According to Blair 'nothing should be
ruled out' when considering the solution to the looming energy
crisis. Yet his obsession with the market means he has already ruled
out the only viable, safe and efficient option – the public
ownership, integration and planning of the entire energy sector.
There
are plenty of ways to produce energy without destroying the
environment. Wind, wave, and solar power all have a part to play. So
does the cleaner use of fossil fuels, in particular, fluidised bed
combustion technology for burning coal. Research is desperately
needed into clean nuclear technology, notably nuclear fusion,
generating power by extracting heavy hydrogen isotopes from water
without waste or the risk of new Chernobyls. Unlike nuclear fission,
which tears atomic nuclei apart to release energy, fusion involves
squeezing the nuclei of two hydrogen atoms together. The hydrogen
fuel is part heavy hydrogen or deuterium, which can be easily
extracted from water, and part super-heavy hydrogen or tritium, which
can be made from lithium, a reasonably abundant metal. The energy
produced is truly colossal.
The
private sector will not provide the necessary investment or planning.
Electricity, gas, oil and coal must be taken back into public
ownership and an integrated energy plan drawn up concerned with the
safe long term production of our energy needs without harming the
health of the workforce or the future of the planet.
Within
the chaos of the market system nuclear power can never be safe. The
reactors currently contributing to the electricity network need to be
safely decommissioned, the private sector cannot be trusted to do
that either. The workforce must be provided with guaranteed jobs.

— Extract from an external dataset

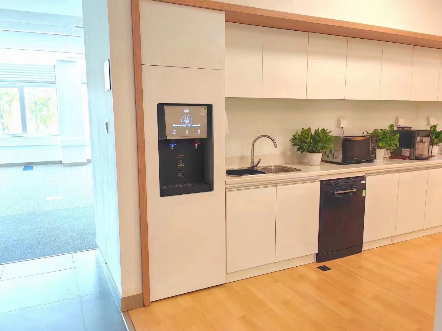 嵌入式开水机需提前规划,核心是与茶水柜、餐边柜精准适配。常规办公柜体进深35-60cm,开水机厚度控制在30-55cm、宽度30-50cm,优先选可灵活调尺寸机型。家具定制阶段需同步规划,预留带防高温隐患的电源、进水口,管线隐藏预埋,预留≥5cm散热空间,避开直射、潮湿及热源,同时预留检修口方便维护。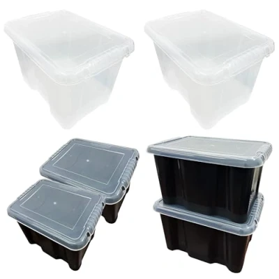 Size/Dimensions: 24 Litre Capacity / 24cm x 33cm x 44cm (H x W x L) Approx - Each container is spacious and deep enough to store blankets and beddings, these containers are suitable to use around the home, office, schools and garages. The black base containers feature a strong plastic base and arrive complete with a see through lid. The transparent lids make it easy to identify the contents of each box without having to open each one up and create a mess. Clear 24 litre containers are fully transparent so you can clearly see what’s inside each container from all side of the box this saves you from having to open each container up and emptying it out. Storage boxes are a great way to keep your surround area neat, clean, tidy and organised at all times. The containers are designed to allow you to store a range of items from clothing, tools, toys to paper work. Extremely lightweight and reliable the containers can be stacked when in use and nestled with the lids off this also maximises floor space whilst keeping items organised.

They, and thousands more besides, could be employed to research and
produce our energy needs once safety, efficiency, and the protection
of the environment were to replace profit as the motor force of
industry.
The
private sector is a disaster on our railways. It is incapable of
supplying water. The idea of private companies building and operating
nuclear power stations is a living nightmare.
The
future offered to us by capitalism is air we cannot breathe, a land
polluted by nuclear waste, standpipes in the street for our water,
and power cuts. Britain is supposedly the fourth richest economy in
the world, yet capitalism is busily transforming it into a third
world country.
No
new nuclear plants!
Nationalise
water, electricity, oil, coal and gas!
For
a Socialist Integrated Energy Policy as part of a democratic
socialist plan of production!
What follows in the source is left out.